## PROBLEM TO SOLVE
What you give back must match the records below exactly.

DATA FOR REVIEW START

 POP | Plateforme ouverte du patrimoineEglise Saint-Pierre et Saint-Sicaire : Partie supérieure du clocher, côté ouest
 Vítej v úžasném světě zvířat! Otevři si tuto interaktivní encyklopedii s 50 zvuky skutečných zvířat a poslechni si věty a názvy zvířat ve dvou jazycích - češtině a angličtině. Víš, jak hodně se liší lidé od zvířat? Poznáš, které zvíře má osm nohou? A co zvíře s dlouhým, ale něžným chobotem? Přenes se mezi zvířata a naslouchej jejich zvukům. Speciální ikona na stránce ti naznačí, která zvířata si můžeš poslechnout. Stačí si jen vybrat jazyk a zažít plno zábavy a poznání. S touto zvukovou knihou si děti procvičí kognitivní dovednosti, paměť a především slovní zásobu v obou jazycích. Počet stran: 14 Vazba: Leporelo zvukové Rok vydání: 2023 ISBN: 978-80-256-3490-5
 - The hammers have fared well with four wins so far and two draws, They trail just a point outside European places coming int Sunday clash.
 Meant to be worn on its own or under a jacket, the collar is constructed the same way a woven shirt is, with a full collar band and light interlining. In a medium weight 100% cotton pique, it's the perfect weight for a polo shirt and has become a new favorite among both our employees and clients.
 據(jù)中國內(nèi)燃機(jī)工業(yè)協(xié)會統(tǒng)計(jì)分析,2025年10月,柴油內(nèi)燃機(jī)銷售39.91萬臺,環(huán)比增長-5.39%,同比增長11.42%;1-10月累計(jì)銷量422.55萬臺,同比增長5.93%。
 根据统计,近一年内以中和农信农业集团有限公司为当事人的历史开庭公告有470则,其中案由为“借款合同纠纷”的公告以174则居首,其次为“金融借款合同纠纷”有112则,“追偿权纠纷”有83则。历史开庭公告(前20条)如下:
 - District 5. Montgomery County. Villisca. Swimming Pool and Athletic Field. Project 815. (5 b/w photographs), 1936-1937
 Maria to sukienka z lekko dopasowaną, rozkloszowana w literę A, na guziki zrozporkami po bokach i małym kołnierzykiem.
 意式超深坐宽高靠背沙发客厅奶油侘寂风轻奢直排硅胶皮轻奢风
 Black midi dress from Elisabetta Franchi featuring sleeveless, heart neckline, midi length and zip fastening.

DATA FOR REVIEW END

## RESPONSE TO THIS EXERCISE
 POP | Plateforme ouverte du patrimoineEglise Saint-Pierre et Saint-Sicaire : Partie supérieure du clocher, côté ouest
 Vítej v úžasném světě zvířat! Otevři si tuto interaktivní encyklopedii s 50 zvuky skutečných zvířat a poslechni si věty a názvy zvířat ve dvou jazycích - češtině a angličtině. Víš, jak hodně se liší lidé od zvířat? Poznáš, které zvíře má osm nohou? A co zvíře s dlouhým, ale něžným chobotem? Přenes se mezi zvířata a naslouchej jejich zvukům. Speciální ikona na stránce ti naznačí, která zvířata si můžeš poslechnout. Stačí si jen vybrat jazyk a zažít plno zábavy a poznání. S touto zvukovou knihou si děti procvičí kognitivní dovednosti, paměť a především slovní zásobu v obou jazycích. Počet stran: 14 Vazba: Leporelo zvukové Rok vydání: 2023 ISBN: 978-80-256-3490-5
 - The hammers have fared well with four wins so far and two draws, They trail just a point outside European places coming int Sunday clash.
 Meant to be worn on its own or under a jacket, the collar is constructed the same way a woven shirt is, with a full collar band and light interlining. In a medium weight 100% cotton pique, it's the perfect weight for a polo shirt and has become a new favorite among both our employees and clients.
 據(jù)中國內(nèi)燃機(jī)工業(yè)協(xié)會統(tǒng)計(jì)分析,2025年10月,柴油內(nèi)燃機(jī)銷售39.91萬臺,環(huán)比增長-5.39%,同比增長11.42%;1-10月累計(jì)銷量422.55萬臺,同比增長5.93%。
 根据统计,近一年内以中和农信农业集团有限公司为当事人的历史开庭公告有470则,其中案由为“借款合同纠纷”的公告以174则居首,其次为“金融借款合同纠纷”有112则,“追偿权纠纷”有83则。历史开庭公告(前20条)如下:
 - District 5. Montgomery County. Villisca. Swimming Pool and Athletic Field. Project 815. (5 b/w photographs), 1936-1937
 Maria to sukienka z lekko dopasowaną, rozkloszowana w literę A, na guziki zrozporkami po bokach i małym kołnierzykiem.
 意式超深坐宽高靠背沙发客厅奶油侘寂风轻奢直排硅胶皮轻奢风
 Black midi dress from Elisabetta Franchi featuring sleeveless, heart neckline, midi length and zip fastening.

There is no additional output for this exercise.